Analisaaceh.com, Lhokseumawe | Panitia Pengawas Pemilihan (Panwaslih) Kota Lhokseumawe menggelar kegiatan Focus Grup Discussion (FGD) bersama mitra kerja di salah satu coffe di Lhokseumawe, Rabu (25/10/23). Kegiatan diskusi ini mengusung tema ‘kajian hukum pengawasan tahapan pemilu 2024.
Diskusi tersebut menghadirkan dua pembicara yakni praktisi hukum, Dr Yusrizal dan Kasat Reskrim Polres Lhokseumawe, Iptu Ibrahim.
Kegiatan ini juga dihadiri oleh Ketua KIP Lhokseumawe, Abdul Hakim, Kesbangpol, bagian hukum Setdako Lhokseumawe, akademisi pengamat politik dan lembaga bantuan hukum serta perwakilan organisasi pers.
Dr Yusrizal mengawali pemaparannya dengan menjelaskan payung hukum pelaksanaan pemilu serta pedoman bagi penyelnggara yakni PKPU nomor 15 tahun 2023 tentang kampanye pemilihan umum. Dalam pemaparannya, dosen Unimal ini mendefinisikan perbedaan antara alat peraga kampanye dan alat peraga sosialisasi, sesuai dengan perspektif hukum. Yusrizal juga menjelaskan terkait waktu dan lokasi pemasangan alat peraga berikut sanksi atas pelanggaran sebagaimana amanah peraturan KPU tersebut.

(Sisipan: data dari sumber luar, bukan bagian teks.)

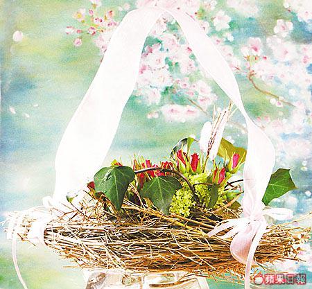 用小金竹自製成有如雀巢的小盆,再放上小玫瑰、繡球花、長春藤等植物,充滿藝術風格。(最少四日前預訂,只限做三束)
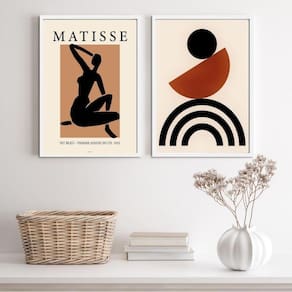 A moldura dos quadros é feita em madeira branca, o que confere um acabamento elegante e sofisticado. A combinação do marrom com o preto na arte Matisse traz um contraste moderno e atemporal, perfeito para qualquer estilo de decoração.

Secara bergantian, perwakilan mitra kerja penyelenggara pemilu dalam diskusi ini memberi masukan dan menyampaikan pendapat yang bersifat konstruktif. Diskusi menjadi hangat ketika para audien mempertanyakan keberadaan alat peraga kampanye seperti spanduk dan baliho yang bertebaran di Kota Lhokseumawe. APK tersebut dinilai mengganggu dan sebagian menyebut para bacaleg mencuri start kampanye.
Untuk diketahui, daftar calon tetap (DCT) caleg, baru akan diumumkan pada 4 November mendatang. Sementara kampanye akan berlangsung selama 75 hari atau mulai 28 November – 11 Februari 2024.

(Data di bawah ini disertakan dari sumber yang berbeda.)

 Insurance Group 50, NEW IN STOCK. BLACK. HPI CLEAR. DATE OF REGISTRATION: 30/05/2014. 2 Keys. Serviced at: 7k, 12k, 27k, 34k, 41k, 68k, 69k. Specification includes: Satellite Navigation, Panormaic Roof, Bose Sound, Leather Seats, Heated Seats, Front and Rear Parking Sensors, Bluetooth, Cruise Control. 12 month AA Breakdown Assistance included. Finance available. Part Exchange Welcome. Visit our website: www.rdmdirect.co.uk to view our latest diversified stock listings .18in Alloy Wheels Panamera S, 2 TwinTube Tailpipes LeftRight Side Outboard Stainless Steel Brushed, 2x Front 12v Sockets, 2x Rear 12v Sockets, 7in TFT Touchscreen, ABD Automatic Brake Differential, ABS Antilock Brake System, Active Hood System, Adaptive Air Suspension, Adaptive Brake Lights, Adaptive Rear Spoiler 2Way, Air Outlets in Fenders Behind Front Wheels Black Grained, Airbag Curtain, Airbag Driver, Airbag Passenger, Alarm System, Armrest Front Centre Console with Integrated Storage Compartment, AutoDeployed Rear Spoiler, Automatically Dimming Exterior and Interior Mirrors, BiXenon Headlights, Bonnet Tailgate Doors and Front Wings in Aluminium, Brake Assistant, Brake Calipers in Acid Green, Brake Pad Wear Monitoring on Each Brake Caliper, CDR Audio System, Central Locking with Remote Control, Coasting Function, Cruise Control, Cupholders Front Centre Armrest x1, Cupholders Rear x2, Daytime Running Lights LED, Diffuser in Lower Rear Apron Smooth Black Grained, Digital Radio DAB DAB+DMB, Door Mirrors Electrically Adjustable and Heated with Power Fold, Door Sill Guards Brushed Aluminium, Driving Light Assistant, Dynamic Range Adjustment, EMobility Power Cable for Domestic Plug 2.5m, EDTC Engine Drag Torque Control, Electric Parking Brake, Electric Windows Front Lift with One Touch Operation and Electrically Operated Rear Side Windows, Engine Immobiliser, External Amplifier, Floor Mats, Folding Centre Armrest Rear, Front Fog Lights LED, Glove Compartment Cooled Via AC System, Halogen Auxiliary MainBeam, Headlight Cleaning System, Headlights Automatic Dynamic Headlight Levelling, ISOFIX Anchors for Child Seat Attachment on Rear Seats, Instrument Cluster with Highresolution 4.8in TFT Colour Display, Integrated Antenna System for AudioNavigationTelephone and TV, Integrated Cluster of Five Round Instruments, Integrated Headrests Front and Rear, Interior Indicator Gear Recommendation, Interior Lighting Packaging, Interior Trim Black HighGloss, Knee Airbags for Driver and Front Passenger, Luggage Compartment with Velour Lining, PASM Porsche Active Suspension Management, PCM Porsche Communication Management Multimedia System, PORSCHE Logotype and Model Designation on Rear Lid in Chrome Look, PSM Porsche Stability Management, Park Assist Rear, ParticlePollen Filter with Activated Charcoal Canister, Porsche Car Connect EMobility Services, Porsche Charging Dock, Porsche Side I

Sesuai PKPU, sebelum tahapan kampanye dimulai, peserta pemilu hanya dibolehkan memasang alat peraga sosialisasi (APS). APS dimaksud yakni bendera partai, lambang dan nomor urut partai politik. Sementara spanduk dan baliho yang banyak dipasang sudah termasuk kategori alat peraga kampanye, karena telah memuat ajakan, visi misi dan atau citra diri.
Diskusi mengerucut pada domain pihak mana yang lebih berhak melakukan penertiban. Merujuk pada PKPU, penyelenggara belum bisa melakukan penertiban karena saat ini belum masuk tahap kampanye. Alat peraga yang dipasang ini diklaim belum masuk kategori pelanggaran pemilu, karena para bacaleg yang memasang baliho tersebut belum ditetapkan sebagai caleg atau belum menjadi peserta pemilu 2024.
Namun, forum diskusi ini menyepakati bahwa pemasangan spanduk dan baliho secara serampangan ini telah melanggar aturan pemerintah daerah dan mengurangi estetika tata kota. Sehingga penertiban lebih tepat menjadi domainnya pemerintah.
Ketika dimintai tanggapannya oleh moderator, Maskur, SH dari bagian hukum Setdako Lhokseumawe mengakui pihaknya juga sudah merasa resah dengan alat peraga yang dipasang oleh peserta pemilu.
“Namun karena isu pemilu ini sangat sensitif sehingga pemerintah perlu berhati-hati dalam mengambil keputusan. Pemko bersama penyelenggara dalam waktu dekat ini akan menerbitkan himbauan,” ujar Maskur.
Komisioner Panwaslih Kota Lhokseumawe, Yuli Asbar dalam kesimpulan diskusi ini juga menyinggung pertemuan pihaknya beberapa hari lalu dengan Penjabat Wali Kota Lhokseumawe yang menyepakati pemerintah akan menggelar pertemuan intens dengan penyelenggara pemilu untuk penurunan alat peraga tersebut.
Langkah hati-hati ini ditempuh, kata dia, agar saat penertiban dilakukan tidak ada kericuhan.
“Kita ingin sampaikan bahwa penurunan alat peraga ini bukan karena aturan pemilu, tapi kita sepakati penurunan ini karena melanggar peraturan perundang-undangan pemerintah daerah dan tata kota. Kita berharap, sebelum penetapan DCT, alat peraga ini sudah bersih” demikian Yuli Asbar.